Local Anesthetics, Continuously Infused (marketed as bupivacaine, chloroprocaine, lidocaine, mepivacaine, procaine, ropivacaine) - Chondrolysis
Audience: Orthopedic and Anesthesia healthcare professionals, hospital risk managers
FDA notified healthcare professionals of 35 reports of chondrolysis (necrosis and destruction of cartilage) in patients given continuous intra-articular infusions of local anesthetics (marketed as bupivacaine, chloroprocaine, lidocaine, mepivacaine, procaine, ropivacaine) with elastomeric infusion devices to control post-surgical pain. The local anesthetics (with and without epinephrine) were infused for extended periods of time (48 to 72 hours) directly into the intra-articular space using an elastomeric pump. Joint pain, stiffness, and loss of motion were reported as early as the second month after receiving the infusion. In more than half of these reports, the patients required additional surgery, including arthroscopy or arthroplasty (joint replacement).

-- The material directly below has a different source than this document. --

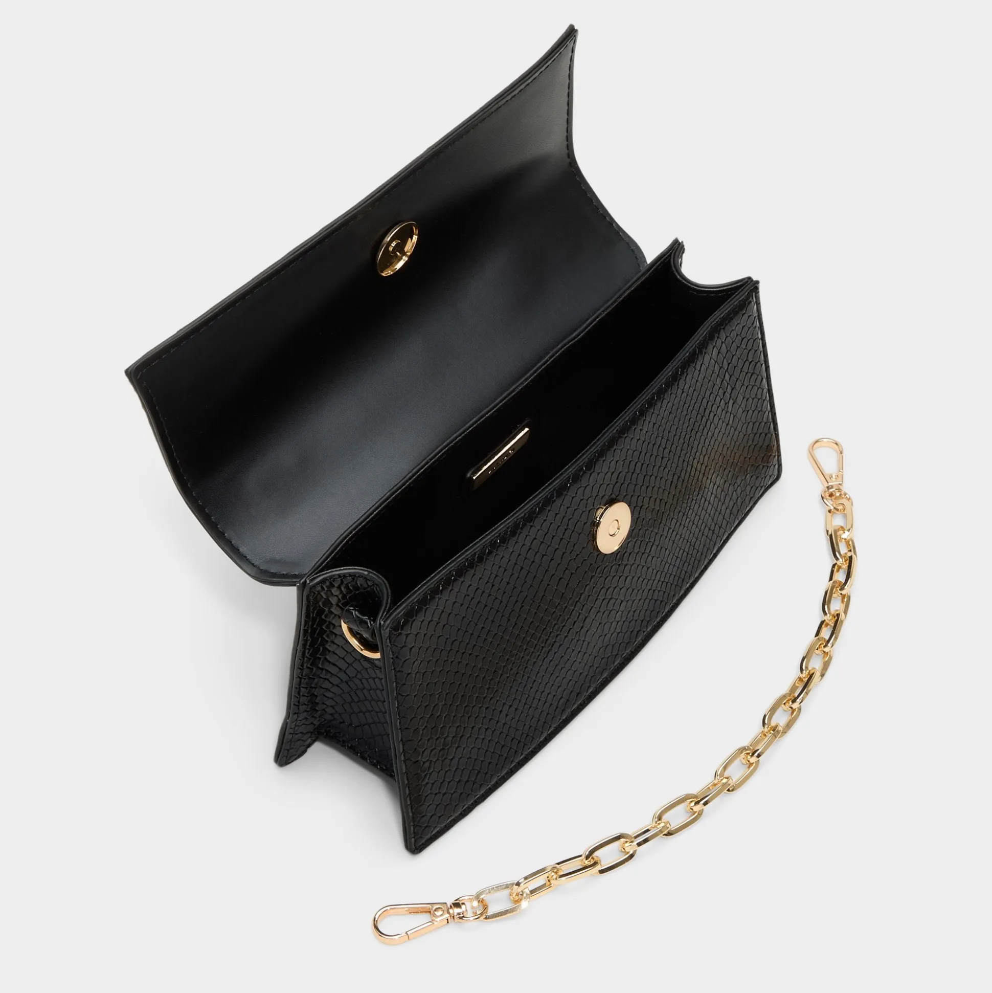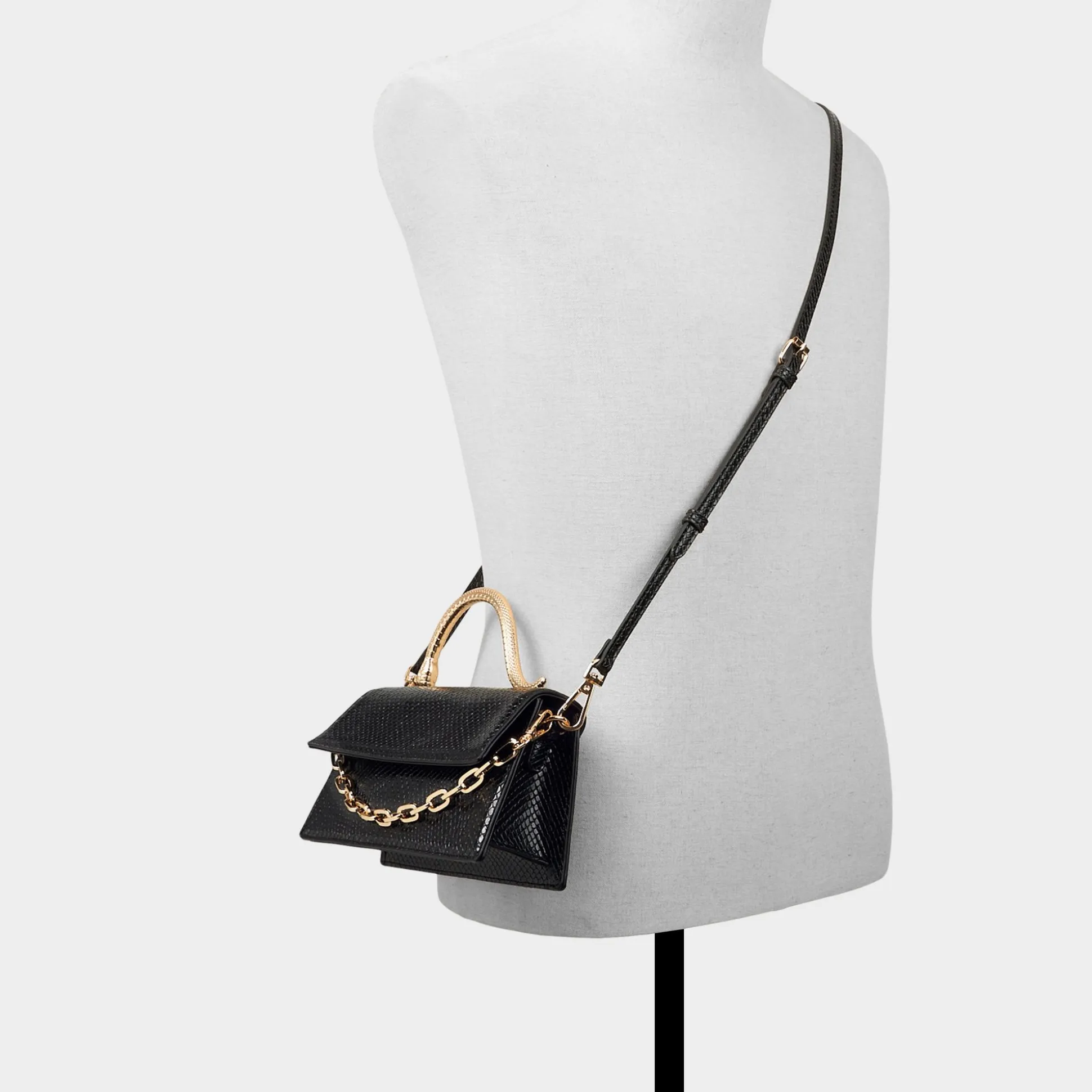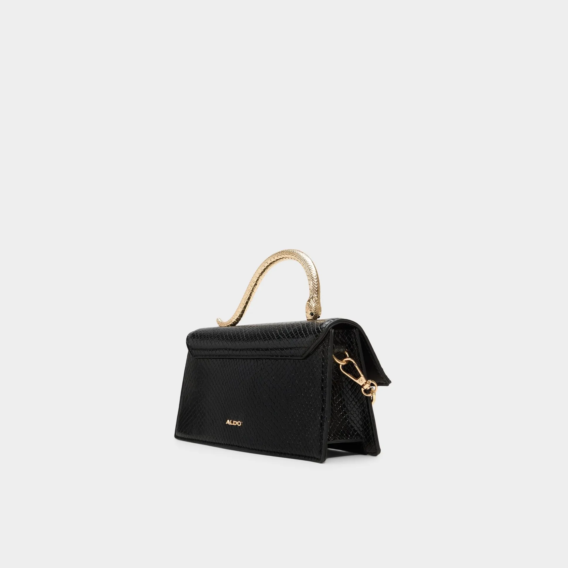 Midnight snake-embossed texture pairs with a sculptural gold handle to give this micro evening bag instant city-sleek glamour, and it shifts from a statement clutch to hands-free sparkle with effortless ease. Carry it with a satin slip for rooftop toasts, or sling it over a crisp blazer with jeans for after-dark polish.

Local anesthetics are approved as injections for the production of local or regional anesthesia or analgesia. The approved drug labels for local anesthetics do not include an indication for continuous intra-articular postoperative infusions or use of infusion devices, such as elastomeric pumps. The FDA has not cleared any infusion devices with an indication for use in intra-articular infusion of local anesthetics. Health care professionals are encouraged to follow the instructions for use of elastomeric infusion devices, and to not use these devices for continuous intra-articular infusion of local anesthetics after orthopedic surgery.
This notice provides further management considerations for healthcare professionals, information for patients, a data summary of the 35 reports, and references.
[11/13/2009 - Information for Healthcare Professionals - FDA]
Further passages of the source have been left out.